Table of Contents

What Model Formats Does LM-Kit.NET Support?


TL;DR

LM-Kit.NET primarily uses GGUF (GPT-Generated Unified Format) for LLM, VLM, and speech models. It also uses ONNX for specialized tasks like certain embedding computations. The built-in model catalog distributes models as .lmk files, which are GGUF files with LM-Kit metadata. Any standard GGUF file from HuggingFace or other sources works directly.


Format Overview

Format Used For Extension Source
GGUF LLM inference, chat, agents, vision, speech-to-text, embeddings .gguf HuggingFace, llama.cpp ecosystem
LMK Same as GGUF (catalog distribution format) .lmk LM-Kit.NET model catalog
ONNX Specialized inference tasks (used internally) .onnx Bundled with LM-Kit.NET runtime

GGUF: The Primary Format

GGUF is the standard format for quantized language models in the llama.cpp ecosystem. It is a single-file format that contains the model weights, tokenizer, and metadata in one portable file. LM-Kit.NET uses llama.cpp as its inference backend, so it supports GGUF natively.

Where to find GGUF models:

  • HuggingFace has thousands of GGUF models
  • The LM-Kit.NET Model Catalog provides curated, tested models
  • Community quantizers like TheBloke, bartowski, and others publish GGUF conversions

Standard quantization levels in GGUF:

Quantization Description
Q4_K_M 4-bit with medium K-quant. Default for all LM-Kit catalog models. Best balance of size, speed, and quality.
Q5_K_M 5-bit. Slightly better quality, ~25% larger files.
Q6_K 6-bit. Near-original quality.
Q8_0 8-bit. Highest practical quality. Double the file size of Q4.
Q2_K / Q3_K 2 to 3-bit. Maximum compression, lower quality. For very constrained devices.
F16 / F32 Full precision. Used for fine-tuning inputs, not typical inference.

LMK: The Catalog Format

Models in the LM-Kit.NET catalog use the .lmk extension. These are GGUF files with additional LM-Kit metadata baked in (capability flags, recommended settings, family information). They are fully compatible with any GGUF tooling.
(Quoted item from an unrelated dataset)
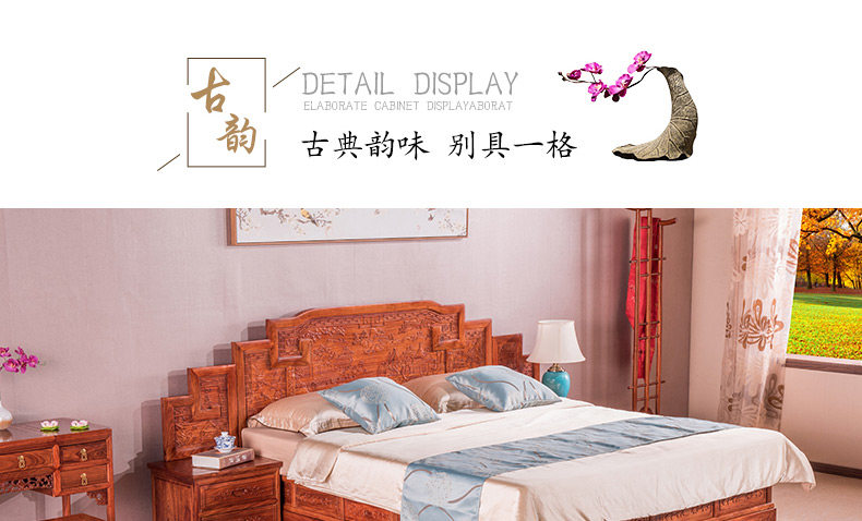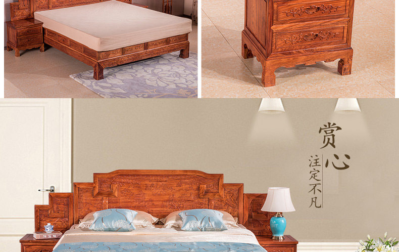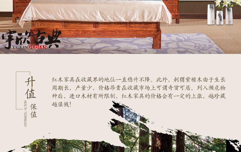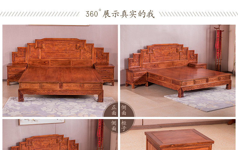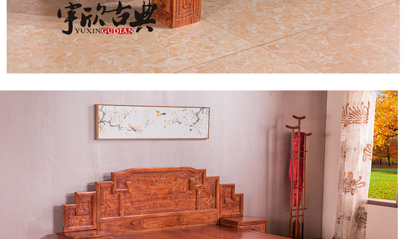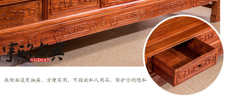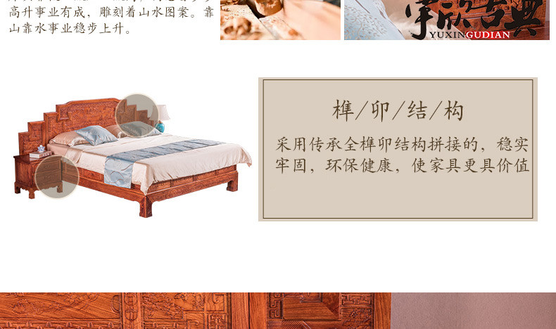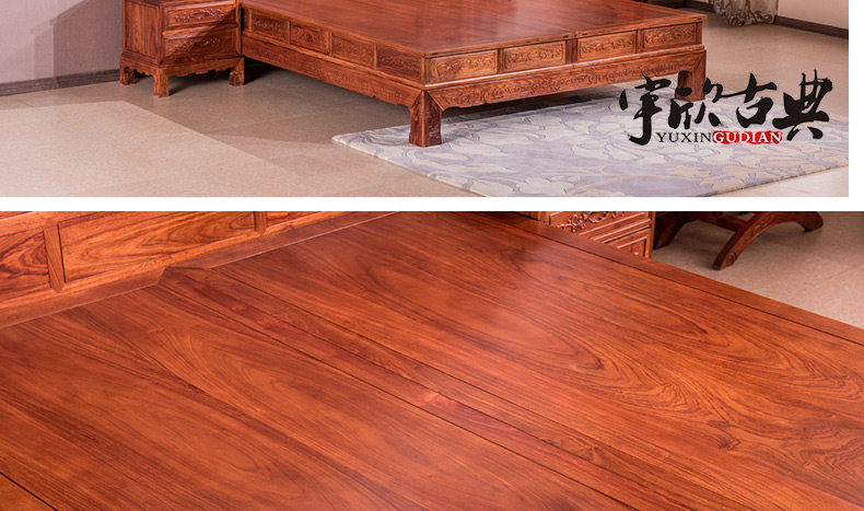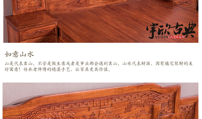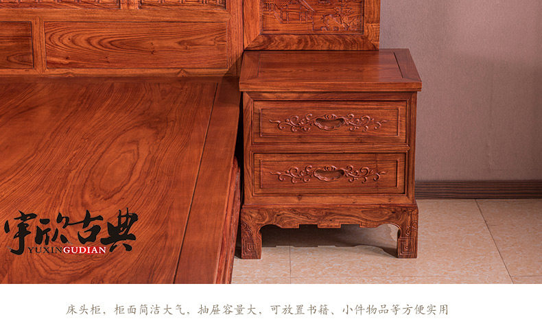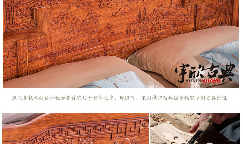 宇欣古典 Китайский стиль сплошной древесной кровать красное дерево, антикварная резная мебель для спальни с двуспальной кроватью YX304
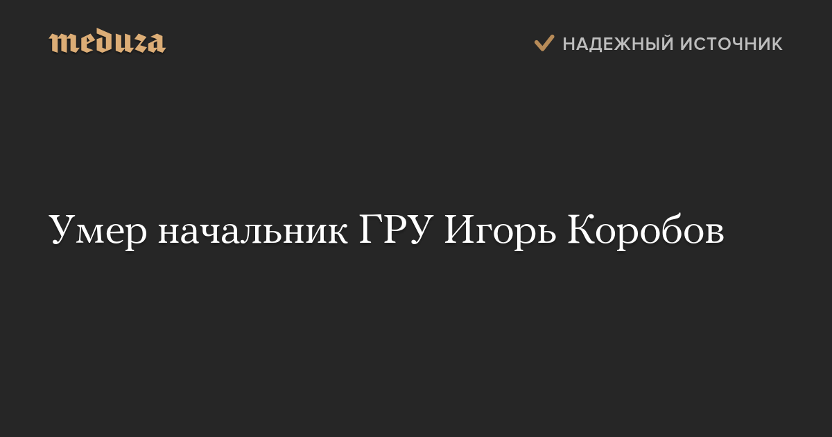 Умер начальник Главного управления Генерального штаба Вооруженных сил (ГРУ) генерал-полковник Игорь Коробов. Об этом пишет «Интерфакс» со ссылкой на Минобороны России.

When you call LM.LoadFromModelID("qwen3.5:9b"), the SDK downloads the corresponding .lmk file from HuggingFace and caches it locally.


ONNX: Internal Runtime

LM-Kit.NET includes the ONNX Runtime (~12 to 30 MB depending on platform) for specialized inference tasks. This is used internally by certain processing pipelines. You do not need to manage ONNX models yourself; they are bundled with the SDK's native binaries.


Formats NOT Supported

LM-Kit.NET does not directly load these formats:

Format Alternative
safetensors Convert to GGUF using llama.cpp's convert_hf_to_gguf.py tool
PyTorch (.bin, .pt) Convert to GGUF using llama.cpp conversion tools
GPTQ Download or convert to GGUF quantization instead
AWQ Download or convert to GGUF quantization instead
MLX Apple-specific format. Use GGUF with Metal backend instead.

The llama.cpp project provides conversion tools to convert most popular formats to GGUF.